EDIT: Choosing an attribute

Suppose now we have $n_1$ items in $C_1$ and $n_2$ items in $C_2$. We have to choose which attribute $a \in A$ is the best to split the node. If we use superscript $n^v$ for number of items that have a value $v$ for a given attribute (and $n^v_1$ items of $C_1$ that have value $v$), I propose we use the score:

$$ \sum_v \frac{n^v}{n_1 + n_2} \frac{max(n^v_1, n^v_2)}{n^v_1 + n^v_2} $$

As a criterion instead of Gini.

Note, since $n^v = n^v_1 + n^v_2$ and $n_1 + n_2$ doesn't depend on the choosen attribute, this can be rewritten:

$$ \sum_v max(n^v_1, n^v_2) $$

And simply interpreted as the number of items in the dataset that will be properly classified.

Gregwar
  • 141
  • 4

3 Answers3

1

I believe this issue is addressed in the Elements of Statistical Learning (https://hastie.su.domains/ElemStatLearn/printings/ESLII_print12_toc.pdf.download.html) around pg. 360 (maybe slightly different depending on the edition you have):

"We classify the observations in node $m$ to class $k(m) = \arg\max_k > \hat{p}_{mk}$, the majority class in node $m$. Different measures $Q_m(T)$ of node impurity include the following:

  • Misclassification error: $1 - \hat{p}_{mk(m)} = \frac{1}{N_m} \sum_{i \in R_m} \mathbb{I}(y_i > \neq k(m)).$

  • Gini index: $ \sum_{k \neq k'} \hat{p}_{mk} \hat{p}_{mk'} = \sum_{k=1}^K \hat{p}_{mk} (1 - \hat{p}_{mk}). $

  • Cross-entropy or deviance: $ -\sum_{k=1}^K \hat{p}_{mk} \log \hat{p}_{mk}. $

For two classes, if $p$ is the proportion in the second class, these three measures are $1 - \max(p, 1 - p)$, $2p(1-p)$, and $-p\log p - > (1-p)\log(1-p)$, respectively.
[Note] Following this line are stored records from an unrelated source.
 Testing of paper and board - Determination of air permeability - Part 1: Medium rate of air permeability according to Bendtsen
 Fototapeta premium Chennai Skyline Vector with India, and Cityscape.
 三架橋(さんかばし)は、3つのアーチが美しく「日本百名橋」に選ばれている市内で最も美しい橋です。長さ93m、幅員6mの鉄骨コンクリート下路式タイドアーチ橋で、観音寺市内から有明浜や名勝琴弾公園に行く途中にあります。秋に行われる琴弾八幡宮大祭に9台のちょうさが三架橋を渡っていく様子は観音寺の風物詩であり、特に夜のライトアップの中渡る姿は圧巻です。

They are shown in Figure 9.3. All three are similar, but cross-entropy and the Gini index are differentiable, and hence more amenable to numerical optimization.

Comparing equations (9.13) and (9.15), we see that we need to weight the node impurity measures by the number $N_{mL}$ and $N_{mR}$ of observations in the two child nodes created by splitting node $m$.

In addition, cross-entropy and the Gini index are more sensitive to changes in the node probabilities than the misclassification rate. For example, in a two-class problem with 400 observations in each class (denoted by $(400, 400)$), suppose one split creates nodes $(300, > 100)$ and $(100, 300)$, while another split creates nodes $(200, 400)$ and $(200, 0)$. Both splits produce a misclassification rate of 0.25, but the second split produces a pure node and is probably preferable. Both the Gini index and cross-entropy are lower for the second split. For this reason, either the Gini index or cross-entropy should be used when growing the tree. To guide cost-complexity pruning, any of the three measures can be used, but typically it is the misclassification rate.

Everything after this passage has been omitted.